Please use this format to simplify the code, and easy to implement others
val staticInvokeMap = Map("UrlCodec"-> Map("decode" -> ExpressionNames.URL_DECODE, "encode"-> ExpressionNames.URL_ENCODE ))
val transformer = staticInvokeMap.filter(o => objectName.endsWith(o._1))
if (transformer.isEmpty) {
throw
}
There was a problem hiding this comment.
Hi @jinchengchenghh . Here I notice there's a diff between how "UrlCodec" and "CharVarcharCodegenUtils" handles StaticInvoke's arguments.
Turns out that, "UrlCodec" only uses 1st arg val child = i.arguments.head which is the column identifier but had the 2nd argument "UTF-8" ignored. while CharVarcharCodegenUtils takes all the params (i.e. col identifier & length limit) by val children = i.arguments.
So I'm a bit unsure how we could better handle such discrepancy here since additional args handling logic would make it complex again.

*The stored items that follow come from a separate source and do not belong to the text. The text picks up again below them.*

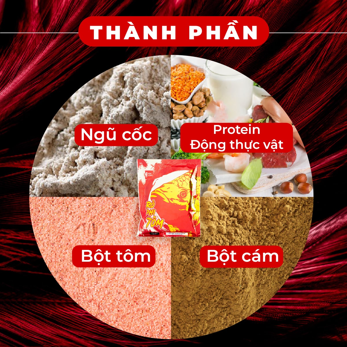 Thành phần chính là bột tôm Nam Cực giúp dụ cá nhanh, đặc biệt phù hợp dùng khi thời tiết chuyển lạnh.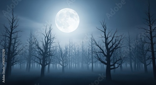 © wahana, Fototapeta premium A full moon illuminates a spooky, foggy forest filled with bare trees in a muted, blue tone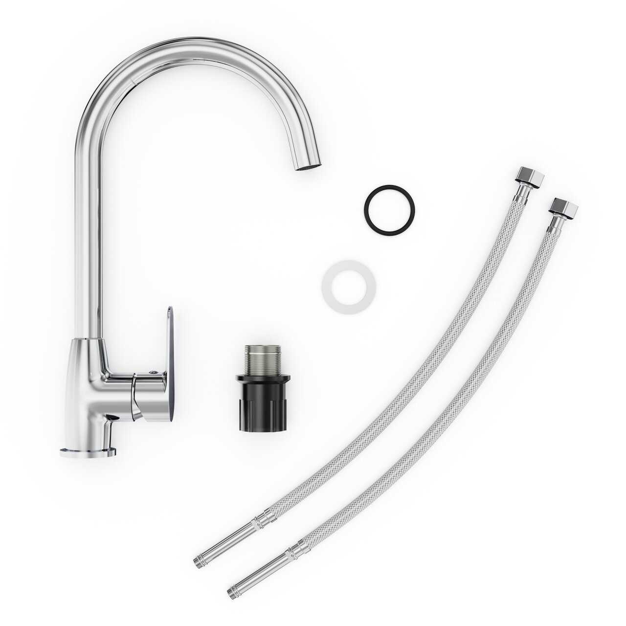 Хороший высокий кран, короткая подводка, пришлось докупить отдельно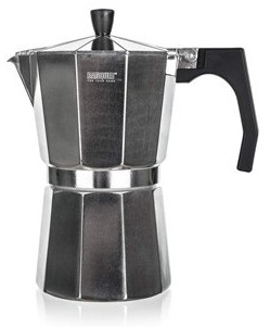 Kávovar BRIA, 9 šálků je tradiční kávovar pro domácí přípravu chutné silné kávy. Je vhodný pro použití na plynových, elektrických a sklokeramických deskách. Hliníkové tělo kávovaru již po několika šálcích získá patinu, která je pro správnou chuť kávy nepostradatelná. Kávovar je opatřen bezpečnostní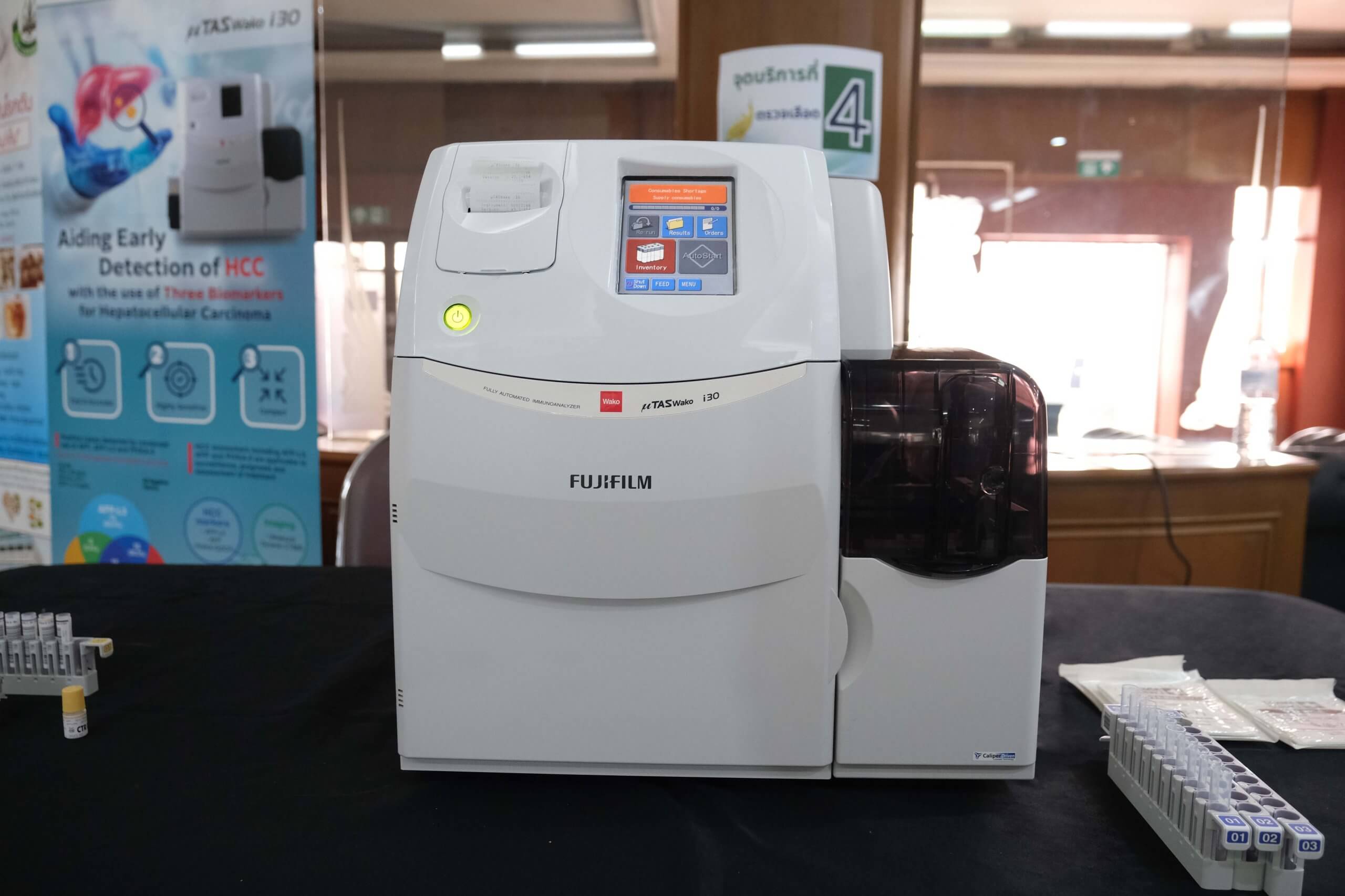 ไฮไลต์ของเทคโนโลยีที่นำมาใช้ในกิจกรรมตรวจคัดกรองที่ รพ. หนองคายในครั้งนี้ รวมถึงชุด HCC Biomarkers 3 ชนิด ได้แก่ AFP-L3, PIVKA-II (DCP), AFP โดย AFP-L3 เป็นเทคโนโลยีการตรวจวัดสารบ่งชี้มะเร็งตับในเลือดจากญี่ปุ่น ช่วยตรวจพบมะเร็งตับชนิด HCC ที่อาจตรวจไม่พบด้วยอัลตราซาวด์ในระยะเริ่มต้นของการเกิดเนื้องอก สนับสนุนให้รักษาได้รวดเร็ว เทคโนโลยีนี้ทำให้ญี่ปุ่นมีอัตราการตรวจพบมะเร็งตับชนิด HCC ในระยะเริ่มต้นสูงขึ้น (มากกว่า 66%*) นอกเหนือจาก AFP-L3 ที่ผลิตในญี่ปุ่นแล้ว ฟูจิฟิล์มยังใช้โซลูชัน ‘μTASWako i30’ เครื่องตรวจวิเคราะห์สารบ่งชี้มะเร็งตับในเลือดแบบครบวงจร ที่ตอบโจทย์การวินิจฉัยมะเร็งตับชนิด HCC โดยเฉพาะ นับเป็นอีกหนึ่งโซลูชันสำคัญที่เข้ามาเสริมทัพให้แก่โซลูชันด้านการวินิจฉัยทางการแพทย์ ซึ่งมีส่วนช่วยในการลดการเสียชีวิตที่สามารถป้องกันได้ผ่านการยกระดับการตรวจพบมะเร็งตับชนิด HCC ตั้งแต่ระยะแรก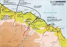 At Rabaul, the brigade came under operational control of the 8th Area Army and it was subsequently tasked with reinforcing Japanese troops in the BunaGona area, in New Guinea. After leaving their horses in Rabaul,[8] the movement was undertaken aboard several destroyers, and was carried out over the course of several trips in late November and early December, which were severely disrupted by Allied air attack. Some elements of the brigade were lost during the reinforcement movement including the barge carrying the 170th Infantry Regiment's commander and its regimental flag.[10] Consequently, the brigade's troops were scattered over several areas (the Mambare River, the Kumusi, Giruwa), before concentrating around Napapo, to the west of Gona.[11][12]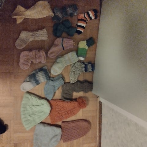 Kaikki käsinkudottuja, vuori muissa lakeissa paitsi valkoisessa [joka ensimmäisessä kuvassa vasemmalla]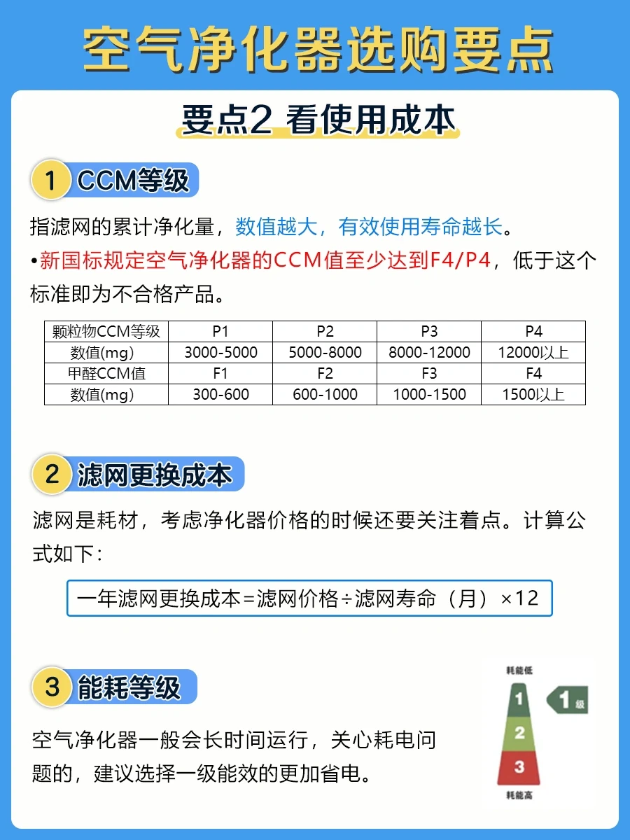 1️⃣CCM数值越大,有效使用寿命越长。新国标规定空气净化器的CCM值至少达到F4/P4

There was a problem hiding this comment.
I think most of the cases we need all the argument, UrlCodec is a special case, maybe because the backend only supports "UTF-8" , we should throw exception if 2nd argument is not "UTF-8" but not.
So other common cases should use the staticInvokeMap, that can also help developer figure out the special case.
There was a problem hiding this comment.
@jinchengchenghh using a staticInvokeMap in the latest fix:
- a staticInvokeMap to define the supported objects and their functions and for future additions.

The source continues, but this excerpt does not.